# Clear Fork Reservoir Fishing



## bigbass201 (Oct 26, 2015)

I made my way down to Clear Fork Reservoir. It's been quite a while since I last fished there. I've always loved fishing that lake. It seems like it's getting a lot of pressure. I fished it on a Monday and had plenty of company out there on the lake. I was able to piece a couple things together before the heat got to me. I ended up catching some on topwater, bladed jig, jerkbait, and crankbait. The fishing was better than I expected given the amount of fishing pressure it seemed to be getting. It was good to see some weeds on the lake too!
Click the link if you would like to see the video of the day.


----------



## 3DFishing (Sep 19, 2014)

So is the algae bloom now under control? Last two years make it impossible to fish. They were treating it heavy, but many said it was killing weeds, too. Nice to hear some are back.


----------



## rickerd (Jul 16, 2008)

great video guys.
thank you for sharing.


----------



## bigbass201 (Oct 26, 2015)

3DFishing said:


> So is the algae bloom now under control? Last two years make it impossible to fish. They were treating it heavy, but many said it was killing weeds, too. Nice to hear some are back.

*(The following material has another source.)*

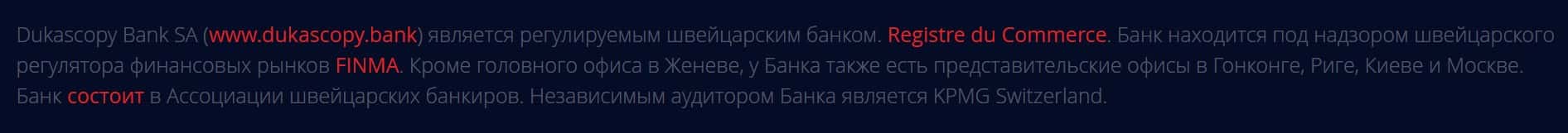 Юридическим лицом финансовой конторы DukasСoin является компания Dukascopy Bank SA , это швейцарский банк, деятельность которого регулируется местной организацией.

I didn't see any bad areas with algae. I know it was void of weeds last time I was there. This time there were some deeper weeds in 6 to 8 foot. Down by the ramp a couple years ago where that inlet creek comes in was really bad with algae. I didn't see any by the ramp this trip.


----------



## bigbass201 (Oct 26, 2015)

rickerd said:


> great video guys.
> thank you for sharing.


Thanks bud. You been out much this year? I would really like to get over to Mosquito Creek. I hear that is a real good bass lake.


----------



## 3DFishing (Sep 19, 2014)

Thanks. It might be worth the hour drive again. Nice video BTW. Always loved being out there!


----------



## bigbass201 (Oct 26, 2015)

3DFishing said:


> Thanks. It might be worth the hour drive again. Nice video BTW. Always loved being out there!


Thanks man. Let us know how you do.


----------